The plaintiff had been in the employment of the defendant since 2008, most recently as Head of “Public and Media Relations”, on a 75 % working time basis. The defendant took the decision to outsource this department and dismissed the plaintiff for operational reasons on December 18, 2012, with effect from January 31, 2013. At the same time the defendant filled a position in the “Social Media” division with another employee on a one-year fixed-term contract. At this point in time it was not clear whether this would be a permanent requirement.
The claim against the dismissal brought success at first. The Regional Labor Court admitted a period to respond to a pleading at the end of the court session. One day after the expiry of this period, the board ruled in a teleconference to reject the appeal.
The revision against the decision of the Higher Labor Court of Baden-Württemberg (decision dated May 07, 2014 – 21 Sa 67/13) was successful. The judgment was based a procedural error as, contrary to Sections 193 (1) and 194 of the German Code on Court Constitution (GVG), this decision was not delivered on the basis of private discussion and consultation of the judges. A teleconference cannot replace this consultation, it may only supplement it. But in individual cases a so called follow-up consultation in a teleconference could be permissible, but not in this case.
The Federal Labor Court does not dispute the decision in any material sense. The dismissal was contrary to the principle of proportionality because the defendant should have offered the plaintiff continued employment in the “Social Media” division position as a milder measure than a termination of her employment contract. An offer must be made even if the employer only intends to create a job on a temporary basis and to cover the temporary staffing need with an employee who can (continue to) be employed effectively on a fixed-term basis. The possibility to agree to a fixed term with the applicant does not represent a work-related profile of requirements that must be taken into consideration under the law against unfair termination.
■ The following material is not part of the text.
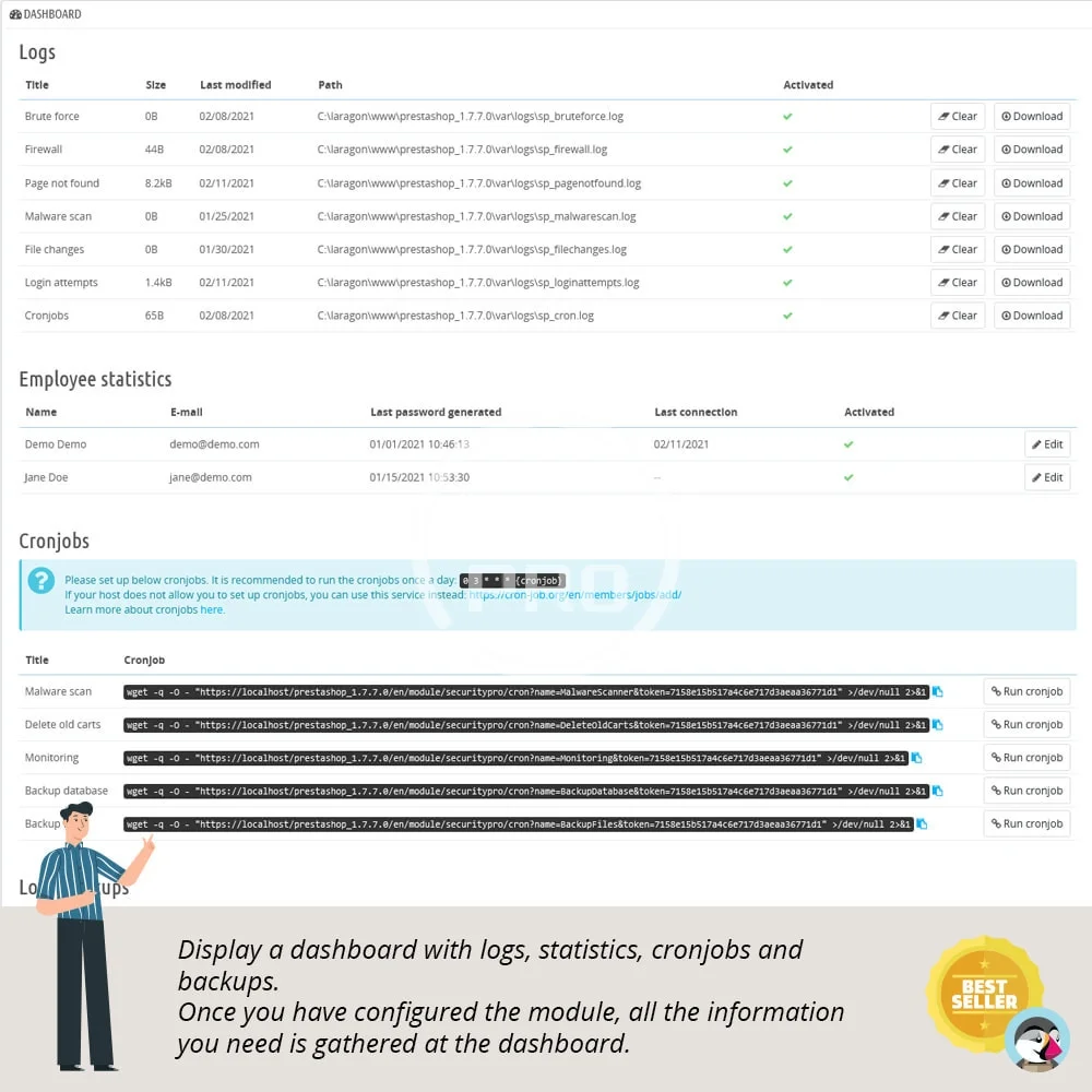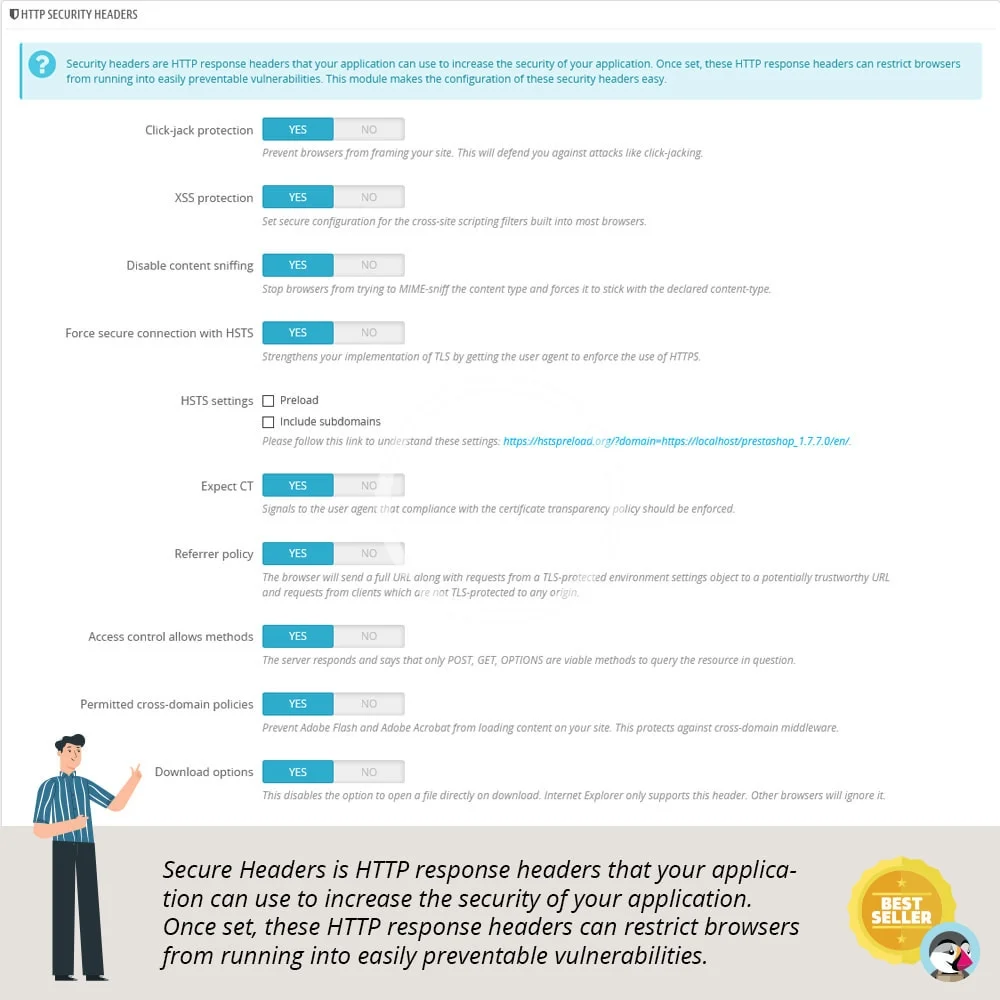 PrestaShop is very secure. It's among the most secure content management systems available. When that is said, it's good practice to add extra layers of security. I added all these layers as features to enable them without any coding knowledge to follow best practice. Trust me — this module will save you or your webmaster months of work.

If, at the time of dismissal, an objective reason exists in the sense of Section 14 (1) of the Act on Part-Time Work and Fixed-Term Employment Contracts (TzBfG), a permanent employment contract may be given a fixed term by means of a dismissal with the option of altered conditions of employment. If no objective reason exists, the pre-employment ban under Section 14 (2), Clause 2 of the TzBfG regularly prevents a fixed-term. This business concept whereby a non-fixed staffing need is covered by an employee who can (continue to) be employed effectively on a fixed-term basis is insignificant with regard to employees protected under Section 1 of the German Protection Against Dismissal Act (KSchG). If the fixed-term vacancy is later discarded, the employer may then terminate the employee who was initially further employed for operational reasons. The fact that the plaintiff was employed on a part-time basis, while the fixed term position was filled in full-time, does not refute the need for a dismissal with the option of altered conditions of employment.
Regardless of the procedural part, in which the Federal Labor Court concurred with the judgment of the Federal Court of Justice (decision dated April 21, 2015 – II ZR 255/13; dated November 29, 2013 – BLw 4/12), the Federal Labor Court, for the first time, adopted a position as to the as yet unanswered question of to what extent employees must be offered, if necessary by dismissal with the option of altered conditions of employment, employment opportunities only available for a fixed term in order to avoid a dismissal for operational reasons. This mean will mean a significant extension, namely to include fixed-term positions and positions with increased volume of work. Well-advised employers avoid errors in this respect.